Bzdurki

napisał/a: Maja82 2008-07-09 12:55
Ja też na obiadek mam gołąbeczki :) Robota mojej mamci....są pyszne...mniammm
napisał/a: Maja82 2008-07-09 13:00
Mała Terrorystko słodkiego masz psiaczka :)
napisał/a: izabela_kubiak 2008-07-09 13:00
mmmmmmm, zazdroszcze, juz dzis kupuje kapuste na jutro;p
napisał/a: J_ustka 2008-07-09 13:05
Och, jak ja Wam zazdroszcze! Obecnie w Indiach przebywam od kilku miesiecy i takie smakołyki jak gołąbki to tu trudno zrobić... no, chyba, że z soja, ale to przecież nie to samo... Tęskni się czasami za mamusiowymi obiadkami.

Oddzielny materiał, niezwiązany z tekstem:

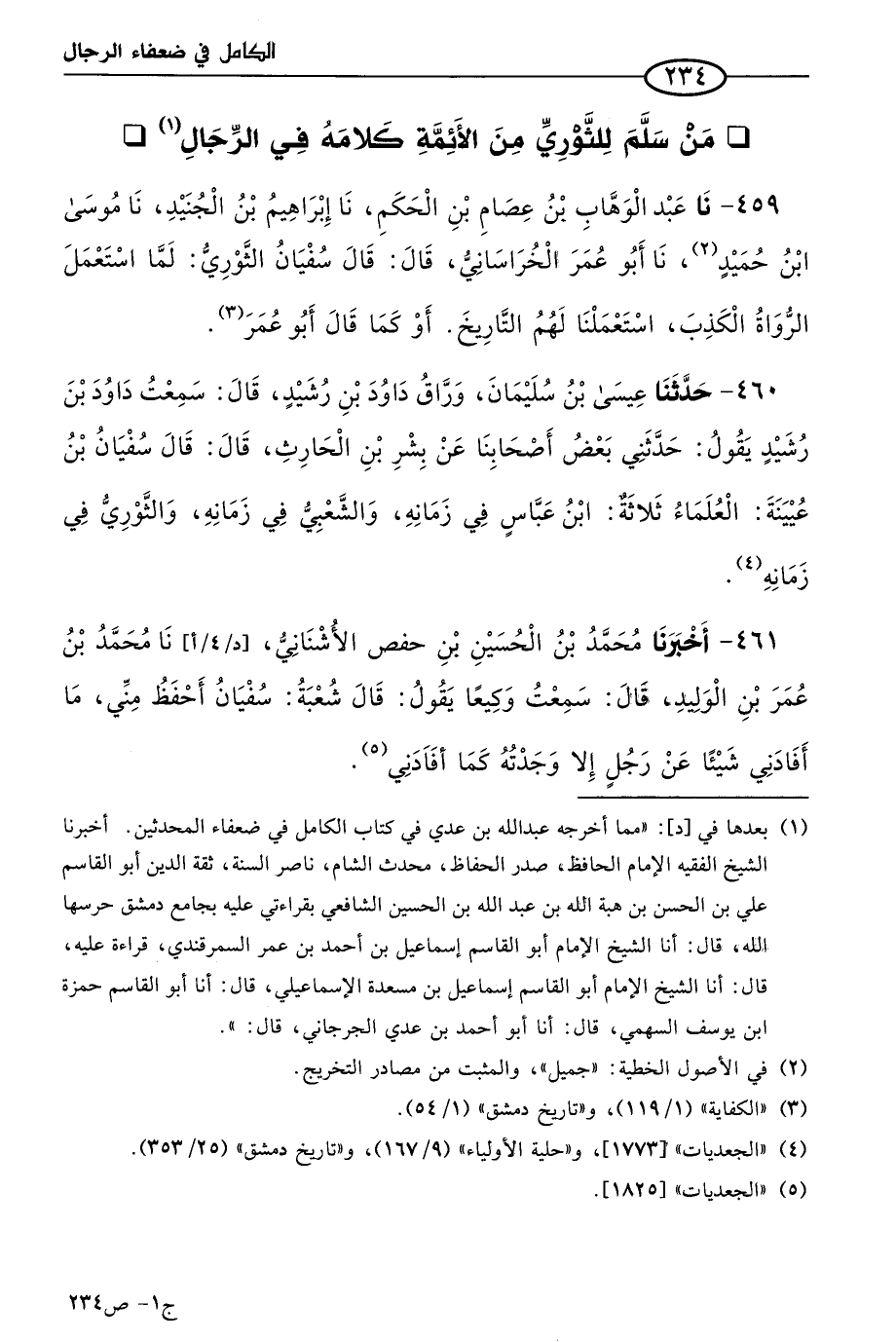 459 - حَدثنا عَبد الوهاب بن عصام بن الحكم، حَدثنا إبراهيم بن الجنيد، حَدثنا موسى بن حميد (1)، حدثنا أَبو عُمر الخراساني، قال: قال سفيان الثَّوري: لما استعمل الرواة الكذب استعملنا لهم التاريخ، أو كما قال أَبو عُمر.

Mała_Terrorystka, a Twojemu tatcie jak Indie się widzą?
Ja w Bombaju siedzę, mój narzeczony załapał się na ciekawą praktykę a ja staram się pracę magisterską pisać :D Ciekawe doświadczenie, polecam każdemu, ale nie na stałe tylko tak, żeby zobaczyć ten zupełnie inny świat :) a później wrócić do domku! Tak jak my to robimy :)
Cikitusia
napisał/a: Cikitusia 2008-07-09 13:13
A ja już po obiadku...... miałam zupkę pomidorową.....

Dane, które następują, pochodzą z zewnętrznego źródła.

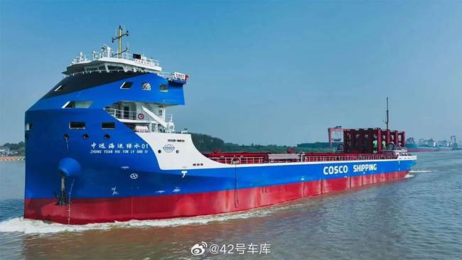 Foto: ForoCochesEléctricosImagen del Green Water 01 de COSCO, el buque portacontenedores ELÉCTRICO más grande del mundo.
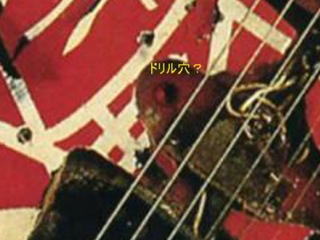 | 穴を空けた理由については解明することができていないが、レプリカ作成において この○をどうやってリアルに再現するかについてはひとつの結論に至った。 果たしてエディが多少の穴で補修をするのか? そうは思ったが、この穴はどうみてもφ6mmはあると思う。他にもコインのセンター穴を埋めた というインタビューも残っているので、意外とマメな面があるかもしれない。 ビス穴程度には無頓着なエディでもある「線」を超えた時点でちゃんと補修する様だ。 多分その「線」はφ3〜4mmあたりにあると推測する。 |
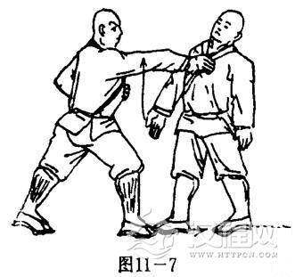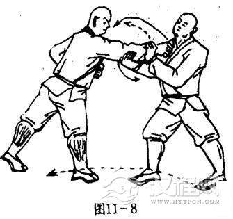 上体前探,甲右手被抓:左臂屈肘左手护胸前.掌心向内,掌指向前.目视乙方(图11一8).

napisał/a: rossa 2008-07-09 13:33
Dziewczyny bo utonę w swojej ślinie, skończcie pisać o tych pysznościach, bo ja w domu bedę ok 15.30
Cikitusia
napisał/a: Cikitusia 2008-07-09 14:21
...
napisał/a: MalaTerrorystka 2008-07-09 14:33
J_ustka napisal(a):Och, jak ja Wam zazdroszcze! Obecnie w Indiach przebywam od kilku miesiecy i takie smakołyki jak gołąbki to tu trudno zrobić... no, chyba, że z soja, ale to przecież nie to samo... Tęskni się czasami za mamusiowymi obiadkami.

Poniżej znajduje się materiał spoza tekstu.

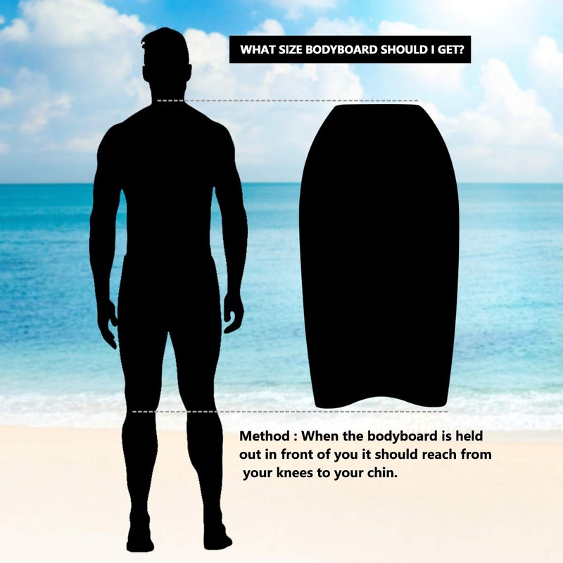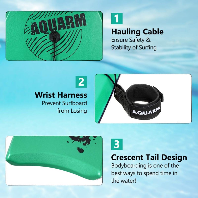 • 𝗦𝘂𝗽𝗲𝗿𝗶𝗼𝗿 𝗦𝘂𝗿𝗳𝗶𝗻𝗴 𝗘𝘅𝗽𝗲𝗿𝗶𝗲𝗻𝗰𝗲: Our body board is designed with a focus on stability and glide for easy glide with maximum enjoyment. The crescent tail helps you to control easily and can stand or lie on it more stably. The board is built for experiencing the ocean for the first time

Mała_Terrorystka, a Twojemu tatcie jak Indie się widzą?
Ja w Bombaju siedzę, mój narzeczony załapał się na ciekawą praktykę a ja staram się pracę magisterską pisać :D Ciekawe doświadczenie, polecam każdemu, ale nie na stałe tylko tak, żeby zobaczyć ten zupełnie inny świat :) a później wrócić do domku! Tak jak my to robimy :)


Mój Tata był w Bokaro. Już 4 albo 5 raz, ale drugi raz na tak długo. Był na delegacji. Nie podobaja Mu się. Kurz, brud, bieda, morderczy klimat, jedzenie - codziennie to samo, jałowe, tylko ładnie kolorowe. Co innego wycieczka krajoznawcza, a co innego normalna praca:) Więc na pewno inaczej się na to patrzy zwiedzając Indie z przewodnikiem, poznając kulturę i tradycję tego kraju (co sama bardzo chętnie bym zrobiła), czy nawet siedzac w miarę "cywilizowanym"miejscu, a co innego pracując, dogadując się z ludźmi, tułając się po obiekcie i męcząc się - bo niestety to były dla Niego męczące 3 miesiące. Ale na szczeście - jest już w domu, cały, zdrowy i szczęśliwy:)No i nareszcie z nami:)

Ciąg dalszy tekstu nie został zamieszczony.